I was inspired by a piece from Tim Kawakami to do a walkthrough of how I think about a situation like the Golden State Warriors adding a max player in the summer of 2016.

Like Tim, I will use a conservative estimate of a $75 million salary cap for that 2016-17 season, though I will throw in some figures of how it would work with a $80 million cap that could be closer to what we actually see two summers from now.

The Non-Negotiables

When looking that far in the future, I strip the entire salary structure down and start with only the mandatory pieces. If we are talking about Golden State and a max player in 2016, that means just Stephen Curry and the max player. We know Curry’s 16-17 salary, but the other guy’s is a mystery right now. Fortunately, if that other player is Kevin Durant we can work it out.

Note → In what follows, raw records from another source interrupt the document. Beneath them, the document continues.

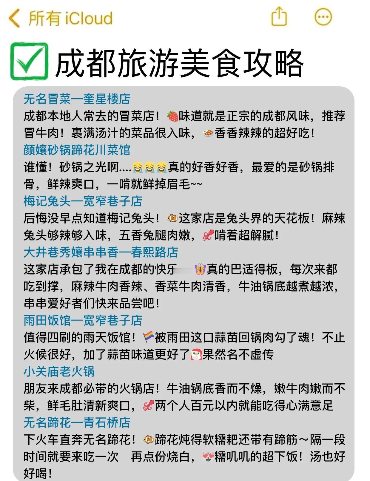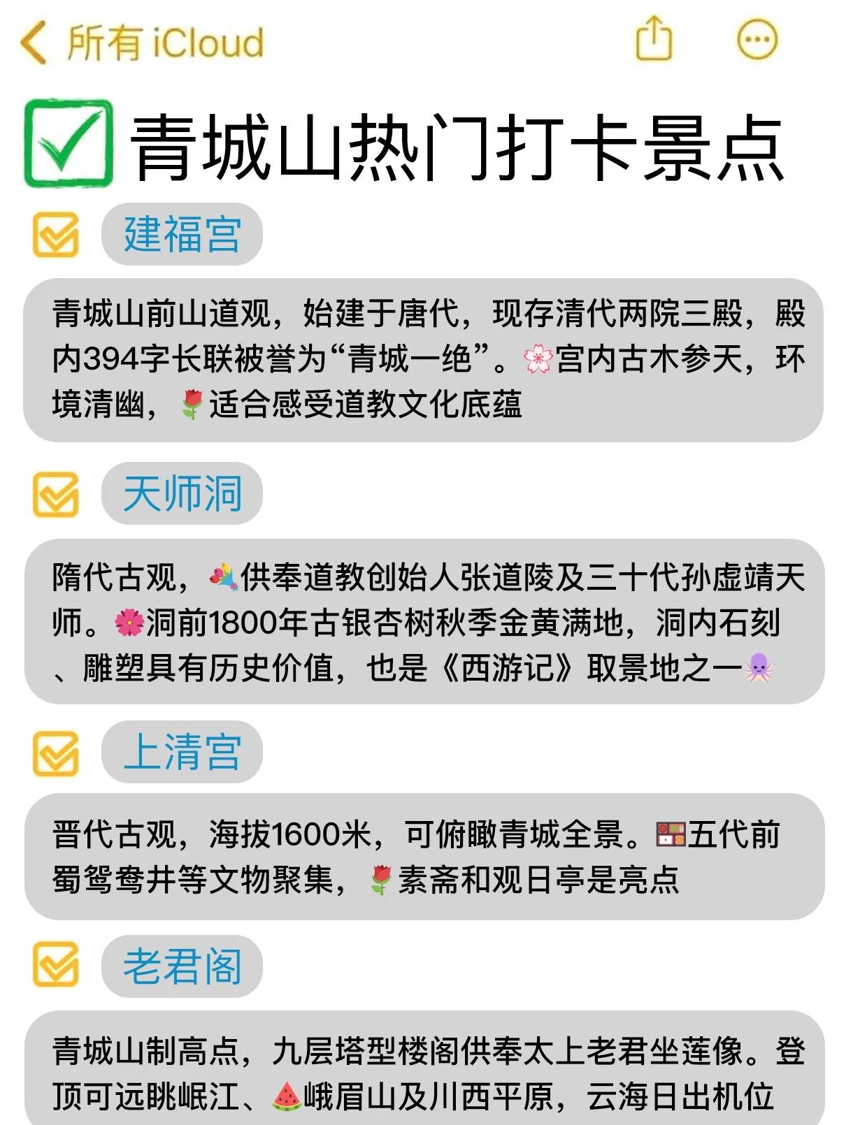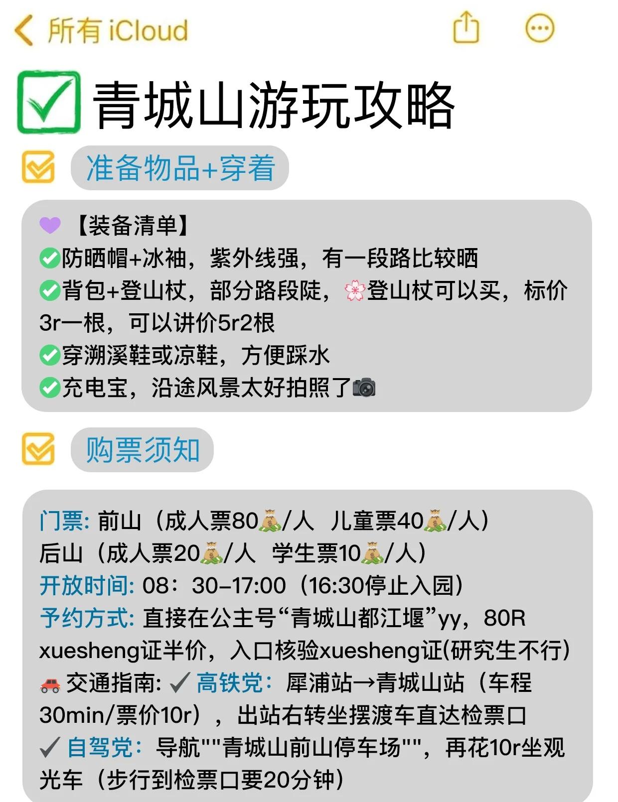 去青城山之前怎么没人告诉我… 去青城山要做好攻略啊,不然真的很容易踩雷😢,这次结合我的亲身经历给你们整理了下关于青城山的游玩攻略和成都美食推荐,大家还有啥想问的都可以吱声,能帮一个是一个!!! · 青城山 🔵交通: 🚄:成都犀浦站—青城山站(10/人) 在成都坐地铁到犀浦站,再换乘列车到青城山站,全程约30分钟,方便又快捷。 · 成都美食推荐 🌸无名冒菜—奎星楼店 成都本地人常去的冒菜店!味道就是正宗的成都风味,推荐冒牛肉!裹满汤汁的菜品很入味,香香辣辣的超好吃! 🌸无名蹄花—青石桥店 下火车直奔无名蹄花!蹄花炖得软糯耙还带有蹄筋~隔一段时间就要来吃一次😋再点份烧白,糯叽叽的超下饭!汤也好好喝! 🌸梅记兔头—宽窄巷子店 后悔没早点知道梅记兔头!这家店是兔头界的天花板!麻辣兔头够辣够入味,五香兔腿肉嫩,啃着超解腻! 🌸雨田饭馆—宽窄巷子店 值得四刷的雨天饭馆!被雨田这口蒜苗回锅肉勾了魂!不止火候很好,加了蒜苗味道更好了🥬
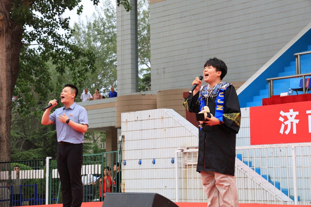 校友代表王澤強分享了在濟大的求學(xué)經(jīng)歷以及畢業(yè)后取得的突出成績,同時向?qū)W校、師長表達最誠摯的感謝。他與學(xué)弟學(xué)妹們分享三點感悟:畢業(yè)后仍要保持學(xué)習(xí)的熱情和動力,以適應(yīng)社會的發(fā)展和變化;要勇于實踐,敢于創(chuàng)新,無懼失敗,敢于突破常規(guī)思維,這樣才能在未來的工作中脫穎而出;要始終保持一顆感恩的心,感恩母校的培養(yǎng),感恩老師的教導(dǎo),感恩同學(xué)的陪伴。無論將來走到哪里,取得怎樣的成就,都不要忘記母校這片培育我們成長的沃土。
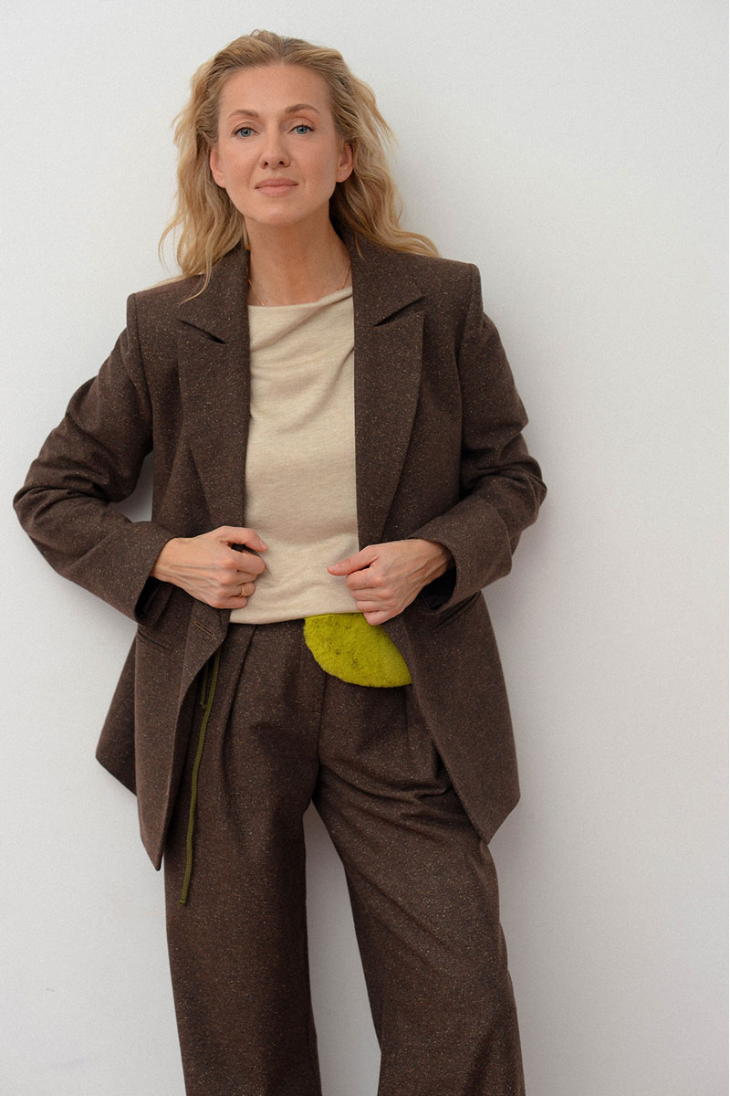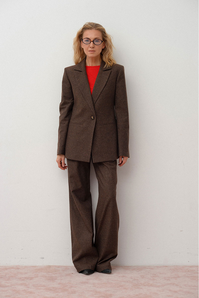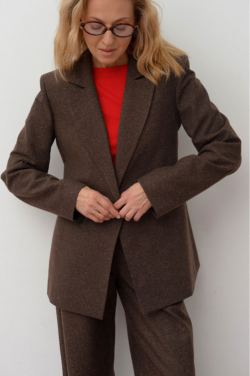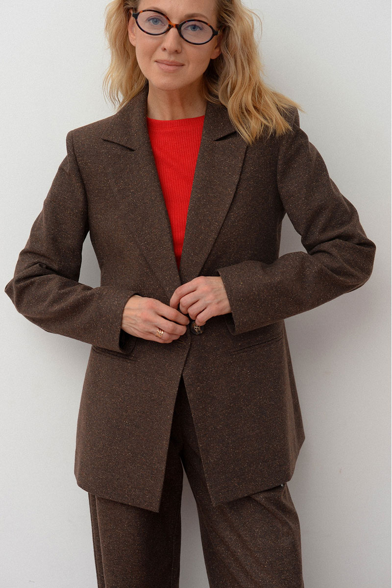 Жакет в меланжевом оттенке шоколада. Создан из премиальной итальянской шерсти с шелком. Ткань отличается своей мягкой ворсистой текстурой, отлично держит форму и сохраняет тепло. Формирует идеальный силуэт благодаря сочетанию плавных линий и акценту на талии, позволяет подчеркнуть фигуру. Благодаря комфортному подкладу из твила, изделие приятно ощущается на теле и удобно надевается поверх других вещей. Два прорезных кармана, застегивается на одну пуговицу. Идеально сочетается с костюмными брюками из нашей коллекции.

The most Kevin Durant can be paid for the 16-17 season is the larger of 30% of the salary cap (calculated slightly differently than the actual salary cap) and 105% of his salary from the previous season. Even at a conservative $75 million salary cap, Durant would make more under the 30% calculation.

At a $75 million salary cap, the Warriors would have to carry $40.39 million or less in non-Curry salary to sign Kevin Durant with cap space. At an $80 million cap, this number jumps to about $43.89 million. For reference, LeBron’s max is about $4 million higher than Durant’s due to his greater amount of NBA experience.

The Money on the Books

That remaining $40.39 million or so can come from any source but must include everything if the Warriors are to sign a max player using cap space. That means on the books salaries as well as cap holds to pending free agents and clearing the space would also mean no trade exceptions and the much smaller Room Mid-Level Exception.

At present, the Warriors have about $30 million committed to Andrew Bogut, Andre Iguodala, Shaun Livingston and Nemanja Nedovic for that season. It should be noted that Nedovic’s contract is a team option and Livingston’s contract is reportedly about half-guaranteed, so there would be a little wiggle room if either is still in the equation at that point.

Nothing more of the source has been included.